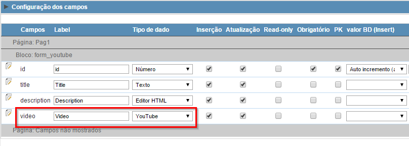 3. Selecione "youtube" para o tipode dado do campo "video". Utilize as configurações dos outros campos de acordo com a imagem baixo:
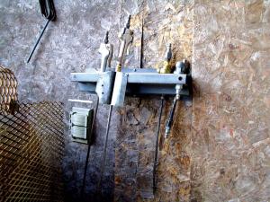 To store the tools, he bought a 1-ft. long tool rack and mounted it on the wall by the air compressor. He pop riveted a 3 by 5-in. piece of sheet metal onto the rack to make a friction bracket that holds a 30-in. curved blow gun, as well as a dual tire inflator, a 1-ft. long blow gun, a 2-ft. long straight blow gun, and a 30-in. straight blow gun with the end cut at a 45-degree angle. All blow guns are fitted with 1/4-in. steel brake lines and can be quickly connected to the 175 psi stationary air compressor, which is set up next to the wall-mounted rack. The 50-ft. hose is stored on a garden hose rack mounted to the motor base of the compressor.
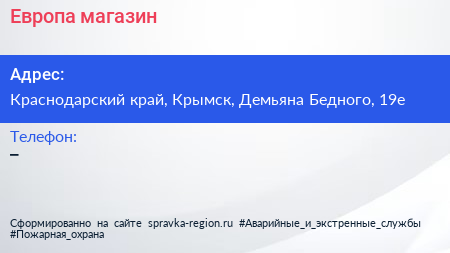 Европа, магазин по адресу Краснодарский край, Крымск, Демьяна Бедного, 19е в дальнейшем Организация, размещена в следующих категориях:
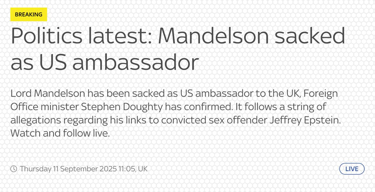 МЗС Великобританії звільнили посла в США Пітера Мандельсона через зв'язок із сексуальним злочинцем Джеффрі Епштейном.

--- WORK REQUIRED ---
Repeat the material above exactly. Leave every picture out of it.

--- ANSWER TO THIS PROBLEM ---
 3. Selecione "youtube" para o tipode dado do campo "video". Utilize as configurações dos outros campos de acordo com a imagem baixo:
 To store the tools, he bought a 1-ft. long tool rack and mounted it on the wall by the air compressor. He pop riveted a 3 by 5-in. piece of sheet metal onto the rack to make a friction bracket that holds a 30-in. curved blow gun, as well as a dual tire inflator, a 1-ft. long blow gun, a 2-ft. long straight blow gun, and a 30-in. straight blow gun with the end cut at a 45-degree angle. All blow guns are fitted with 1/4-in. steel brake lines and can be quickly connected to the 175 psi stationary air compressor, which is set up next to the wall-mounted rack. The 50-ft. hose is stored on a garden hose rack mounted to the motor base of the compressor.
 Европа, магазин по адресу Краснодарский край, Крымск, Демьяна Бедного, 19е в дальнейшем Организация, размещена в следующих категориях:
 МЗС Великобританії звільнили посла в США Пітера Мандельсона через зв'язок із сексуальним злочинцем Джеффрі Епштейном.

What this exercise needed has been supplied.